AJ Styles over Frankie Kazarian [11’42]
I didn’t see their match in TNA, aside from the botched Styles Clash spot, so this was new to me, but I can understand some people’s frustrations in not getting to see the fresher AJ Styles versus Samoa Joe match. However, I think that Kazarian and Styles’ wrestling styles mesh together better than Styles and Joe’s do, and that match would probably be better with Kazarian in there. That being said they had a great match. I thought this was the match of the night. It being the main event, my only peeve with the match was that it didn’t go longer, but that’s just nitpicking. Styles won the match with the Styles Clash. After the match Frankie got on the mike and thanked the fans for making PWG’s debut show a success and for supporting him over the last six years.

Overall I thought it was a good show, but not the best show in SoCal all year (that would go to the March GSCW at this point). One thing about the show is that for the most part it felt like a glorified Revolution Pro show. I’m not saying there is anything wrong with Revolution Pro, far from it, I just think that PWG needs to separate themselves from Revolution Pro and find their own identity. If you compare Revolution Pro results and PWG results, aside from a few guys there isn’t much difference, and they both even used the same venue. They had a lot of cancellations, such as Lil’ Cholo, Silver Tyger, and Tony Stradlin, which would have helped differentiate the promotions a little more. It does look however like PWG is further working on changing that after seeing the lineup for the next show.

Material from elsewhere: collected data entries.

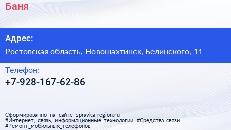 Баня по адресу Ростовская область, Новошахтинск, Белинского, 11 в дальнейшем Организация, размещена в следующих категориях: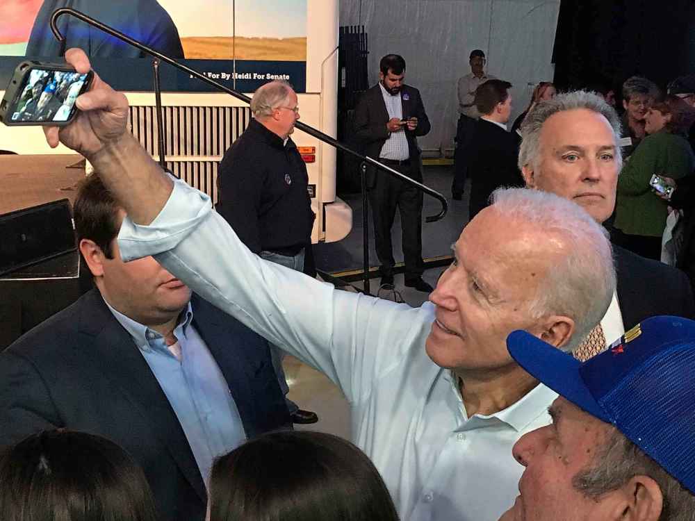 After his speech, Biden greets supporters, posing for countless photos and taking many selfies himself. He answers only one journalist’s question, when a Free Press reporter asks what he thinks about the Trump administration’s dealings with Canada.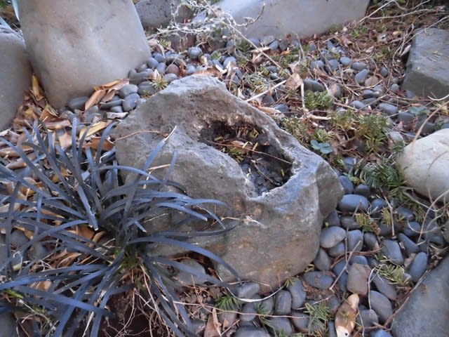 昔、庭石にノミで小鳥の水浴び用の小池を彫ってやりました。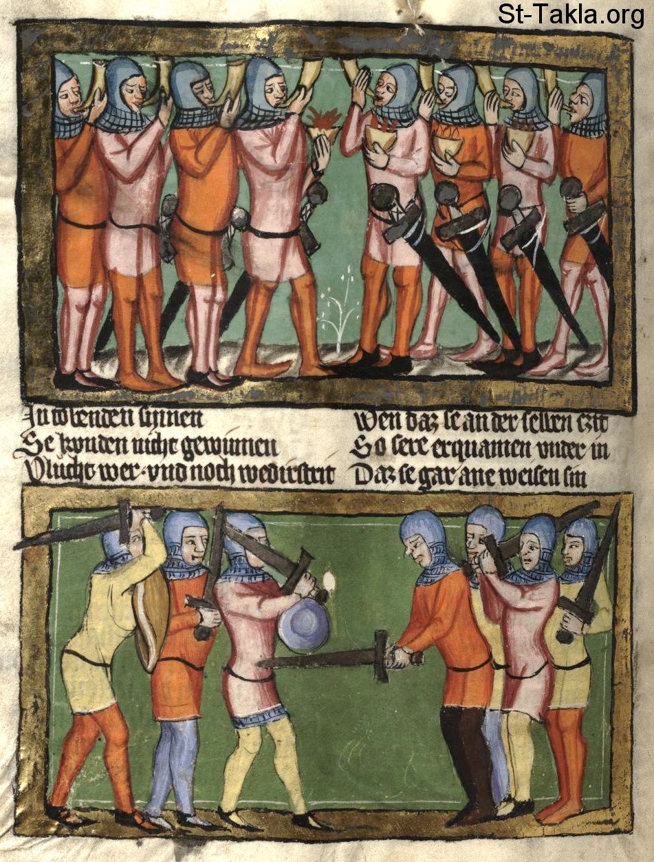 المحاربون مع جدعون يحملون أبواقهم (القضاة 7: 8)؛ الأعداء (المديانيون والعمالقة وكل بني المشرق) يقتلون بعضهم بعضًا بالخطأ بسبب ذعرهم (القضاة 7: 16-22) - من مخطوط كتاب تاريخ العالم (ويلتكرونيك)، رودلف فون إمس، في الفترة ما بين 1350-1375 م.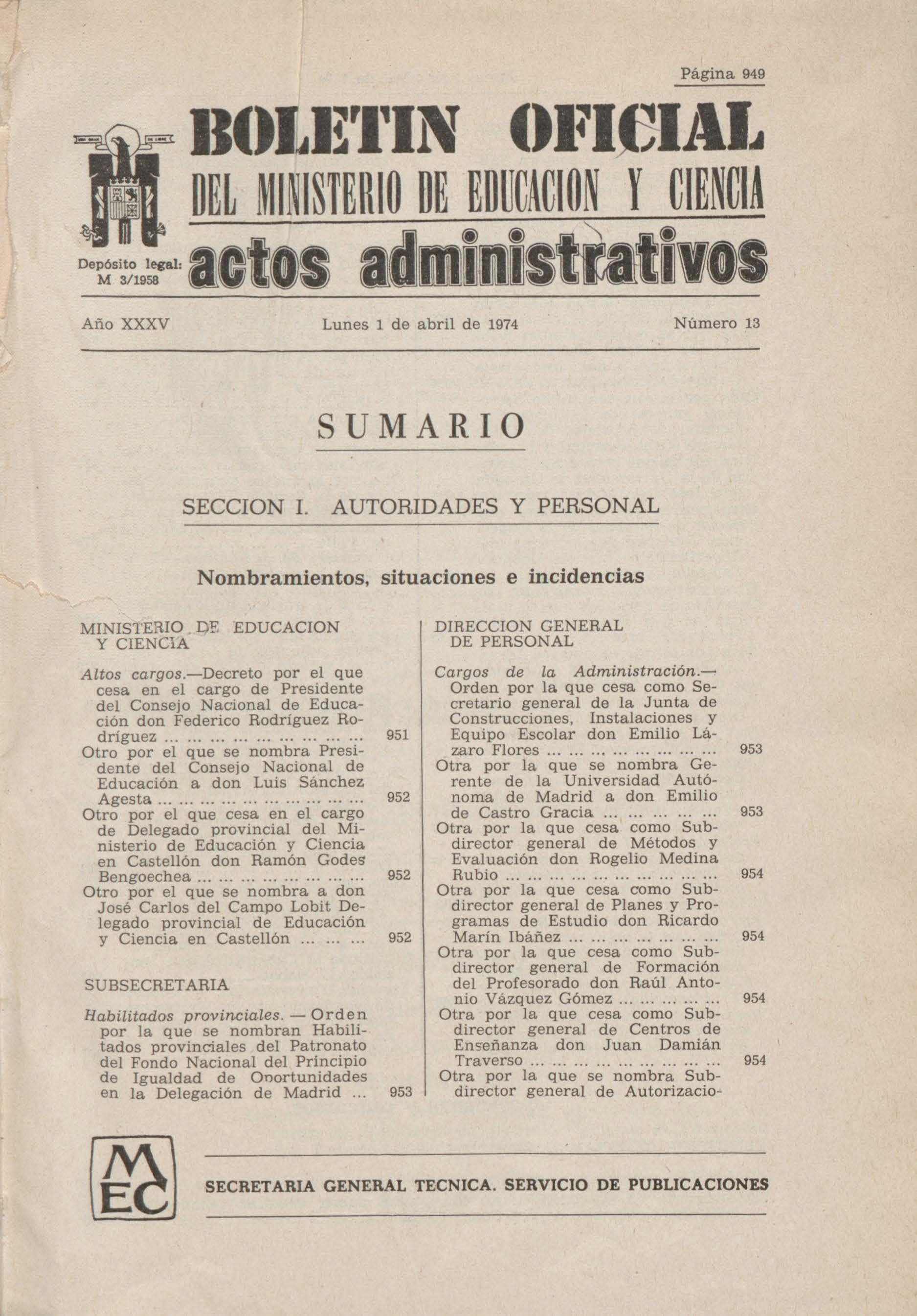 Boletín Oficial del Ministerio de Educación y Ciencia año 1974-2. Actos Administrativos. Números del 13 al 25 e índice 2º trimestre

Prior to the show and after a lot of people have been comparing PWG to EPIC, which I think is an unfair comparison to both PWG and EPIC. It’s pretty apparent PWG is trying to go for something completely different than EPIC did. It seemed like EPIC was trying to be a so-called super indy, while PWG says they are going to be more of a SoCal showcase. The budgets for EPIC’s debut show and PWG’s weren’t even in the same ballpark.

Another difference between the two promotions, as someone pointed out to me the other day, is that EPIC’s debut show was more of an event. Long after EPIC has been gone people will be still talking about that show, while PWG’s show was just that, a show. I don’t mean any of this in a bad way either, I’m just saying there is no comparison between the two promotions, and at this point comparing them is pointless.

Another thing that separates PWG from EPIC, is it seems like PWG has a solid game plan, and they even made money on their first show. PWG plans on getting their tapes out within weeks of the shows happening, which is a really smart idea. Immediately after a show is when the show has the most hype to it, because before long everyone will be talking about another show. So getting tapes out as early as possible will mean that everything will be fresher in people’s minds and easier to sell. Plus tape sales are added revenues to a promotion that come after everything has been paid for. Every tape they sell is just money in their pockets. It amazes me some promotions never pick up on the extra money they could make with video sales.

It seems like PWG is off to a good start, and with the six wrestlers running the promotion being fairly experienced in wrestling hopefully they’ll be able to avoid some of the early mishaps all new promotions seem to find.

Anytime you see on SCU an article titled “press release”, then it came directly from the promotion and it is unedited, whether it’s 100% true or not. Case in point the recent press release from WCWA where it’s claimed that their venue and a wrestler is being sued for an altercation in the parking lot. The altercation itself never took place, and neither is any lawsuit. More than likely the promoter didn’t have the money to run the show. I have no idea why they’d make up a story about a lawsuit though.

The next Lucha Va Voom should be around the last week of October.